The testing gearbox is a single stage gearbox with spur gears. The gearbox has a speed reduction of 1.8:1. The input driving gear has 40 teeth and the driven gear has 72 teeth. The 3-D geometric model of the gearbox is shown in Figure 6.

Gear parameters are provided in Table 1.

The pitting fault was simulated by using electrical discharge machine to erode gear tooth face. The pitting location is on one of the teeth on the output driven gear with 72 teeth. Approximately, the gear tooth face was eroded with a depth of 0.5 mm. One row of pitting faults was created along the tooth width. The simulated pitting fault is shown in Figure 7.

A tri-axial accelerometer was attached on the gearbox case close to the bearing house on the output end as shown in Figure 8.

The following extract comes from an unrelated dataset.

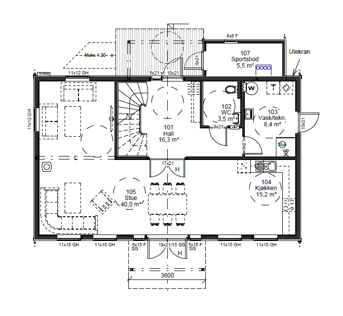 Pent, flislagt våtrom leveres med innsvingbare dusjdører 90x90, utslagsvask og dør ut til terreng. Tekniske installasjoner monteres her. Varmekabel i gulv.

Both healthy and pitted gearboxes under various operating condition were run and the vibration signals collected. The tested operation conditions are listed in Table 2. The vibration signals were collected with a sampling rate of 20.48 KHz.

Figure 9 shows the raw vibration signals collected for normal gear and pitting gear at loading conditions of 100 Nm and 500 Nm.

4. The Validation Results

The proposed deep sparse autoencoder structure was implemented to accomplish the greedy deep dictionary learning. The vibration signals along the z vertical direction were used in this study since they contain the richest vibration information among the three monitored directions. At first, the gear pitting detection was carried on using signals with light loading as the training data and signals with heavy loadings as the testing data, respectively. Loadings of 100 Nm torque and 500 Nm torque were used as light loading condition and heavy loading condition, respectively. Signals at rotating speeds of 100, 200, 500 and 1000 rpm were used for validation tests. To study the influence of different rotating speeds on the pitting gear fault detection performance of the deep sparse autoencoder, 100 and 1000 rpm were selected as low and high speed for independent validations. The length of the samples was decided to ensure that at least one revolution of the output driven gear was included. Therefore, there were 23,000 data points in each sample for signals at 100 rpm and 15,000 data points for signals at a speed of at least 200 rpm. Thus, 26 samples of signals at 100 rpm were generated for healthy gear and pitting gear, respectively. Hence, there were 52 samples in the training dataset and 52 samples in the testing dataset. Similarly, 40 samples of signals at 1000 rpm were generated for each gear condition, with 80 samples in the training dataset and 80 samples in the testing dataset. The structure of the deep sparse autoencoder was designed separately for signals at 100 rpm and signals at the speed of over 100 rpm as: one input layer (23,000 neurons for signals at 100 rpm and 15,000 neurons for signals at the speed over 100 rpm), four hidden layers (1000-500-200-50 neurons), and one output layer (2 neurons). Particularly, following the suggestions in [31], the sparsity parameter in each sparse autoencoder was set as

β

= 3 and

ρ = 0.005

. The sparse representations of the original signals were imported into classifier for pitting gear fault detection. The last hidden layers of 50 neurons and the output layer of 2 neurons were constructed as a simple backpropagation neural network as a classifier for gear pitting detection. The two neurons in the output layer were setup for classifying the input signals as either gear pitting fault or normal gear. The training parameters of the back propagation neural network classifier were set as: training epoch was 100, learning rate was 0.05 and the momentum was 0.05. For each gear condition, the models were executed 5 times to get average detection accuracy. The detection results are shown in Table 3.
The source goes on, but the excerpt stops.